Exercise details
Each line in the material below must be transcribed exactly; no picture belongs in the copy.

Provided data

· · ·

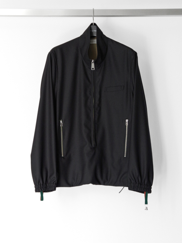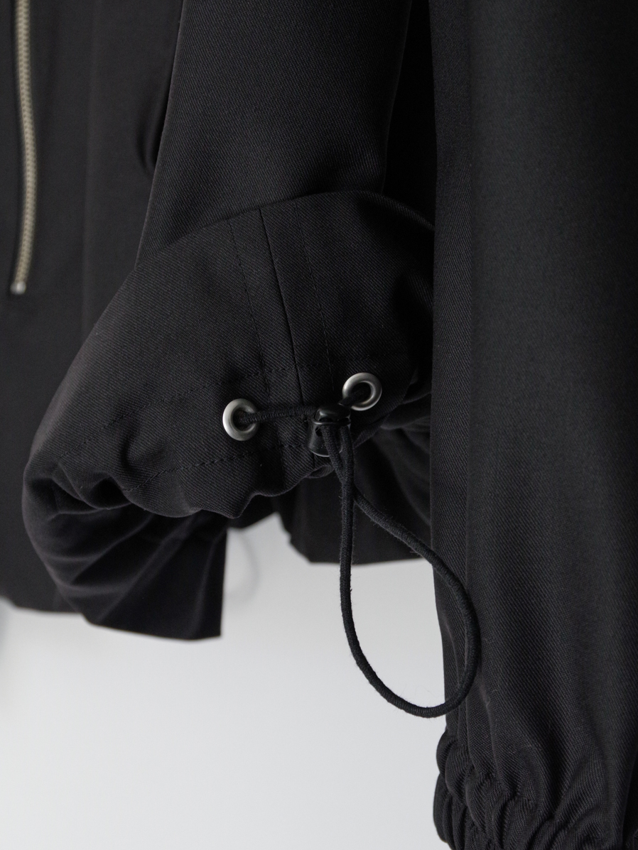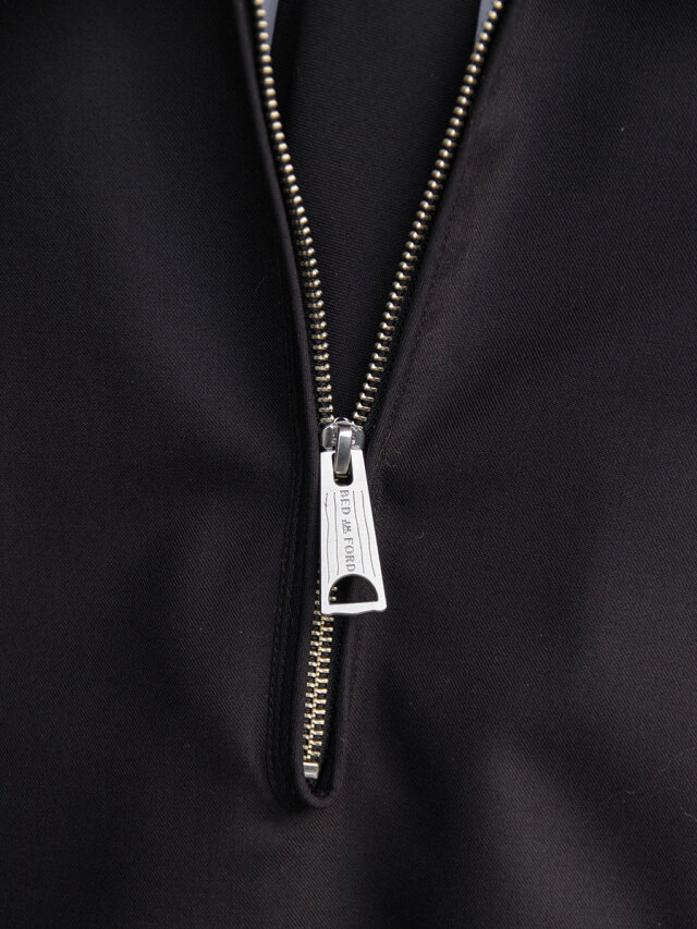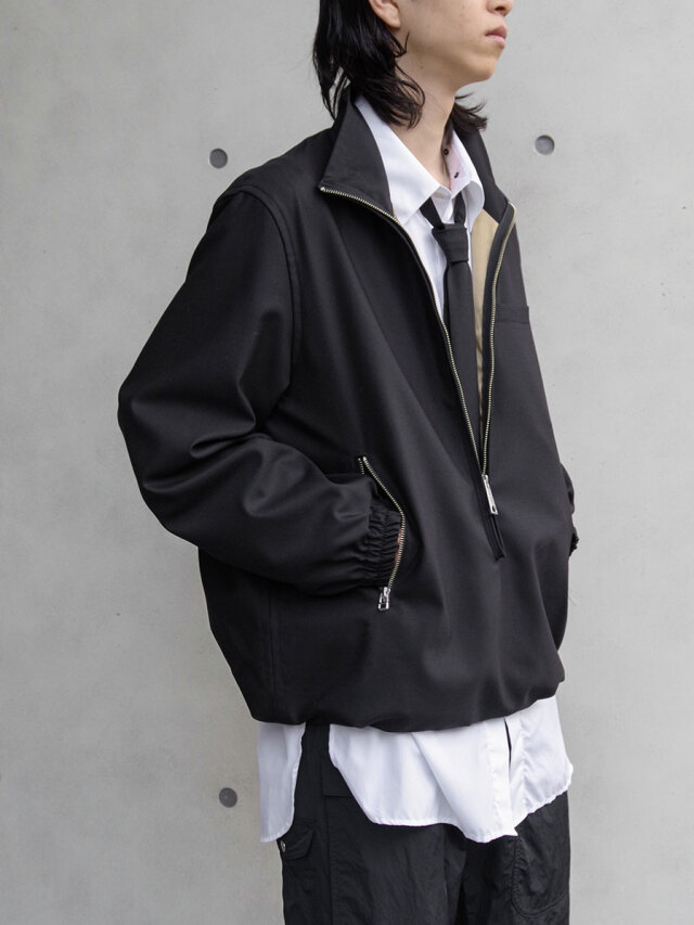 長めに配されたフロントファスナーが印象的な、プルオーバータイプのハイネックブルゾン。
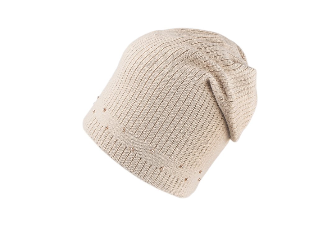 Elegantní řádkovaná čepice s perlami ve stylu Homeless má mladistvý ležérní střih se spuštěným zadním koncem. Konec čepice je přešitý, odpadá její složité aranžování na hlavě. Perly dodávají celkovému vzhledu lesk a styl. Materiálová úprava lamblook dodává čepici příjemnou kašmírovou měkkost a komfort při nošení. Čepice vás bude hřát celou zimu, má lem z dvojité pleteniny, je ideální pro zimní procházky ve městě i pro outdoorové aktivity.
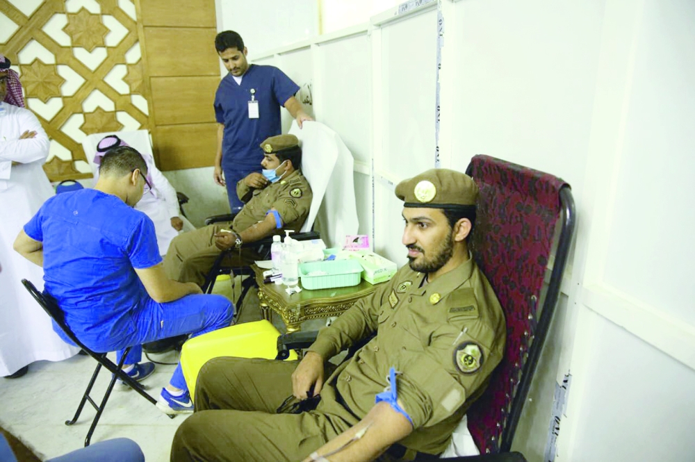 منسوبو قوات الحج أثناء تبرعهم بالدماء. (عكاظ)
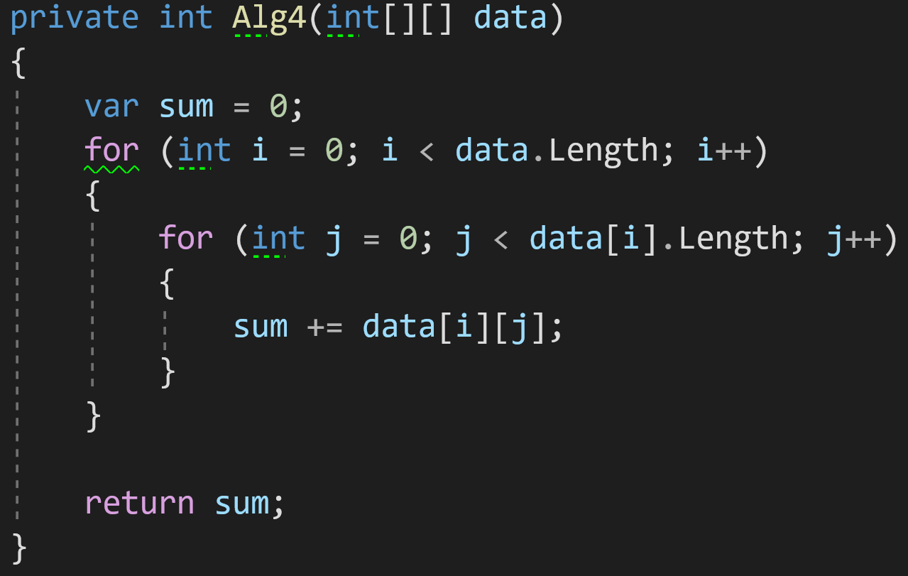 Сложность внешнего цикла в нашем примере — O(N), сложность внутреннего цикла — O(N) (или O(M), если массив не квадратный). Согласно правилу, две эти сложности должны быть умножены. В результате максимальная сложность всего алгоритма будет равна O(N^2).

· · ·

Answer area
 長めに配されたフロントファスナーが印象的な、プルオーバータイプのハイネックブルゾン。
 Elegantní řádkovaná čepice s perlami ve stylu Homeless má mladistvý ležérní střih se spuštěným zadním koncem. Konec čepice je přešitý, odpadá její složité aranžování na hlavě. Perly dodávají celkovému vzhledu lesk a styl. Materiálová úprava lamblook dodává čepici příjemnou kašmírovou měkkost a komfort při nošení. Čepice vás bude hřát celou zimu, má lem z dvojité pleteniny, je ideální pro zimní procházky ve městě i pro outdoorové aktivity.
 منسوبو قوات الحج أثناء تبرعهم بالدماء. (عكاظ)
 Сложность внешнего цикла в нашем примере — O(N), сложность внутреннего цикла — O(N) (или O(M), если массив не квадратный). Согласно правилу, две эти сложности должны быть умножены. В результате максимальная сложность всего алгоритма будет равна O(N^2).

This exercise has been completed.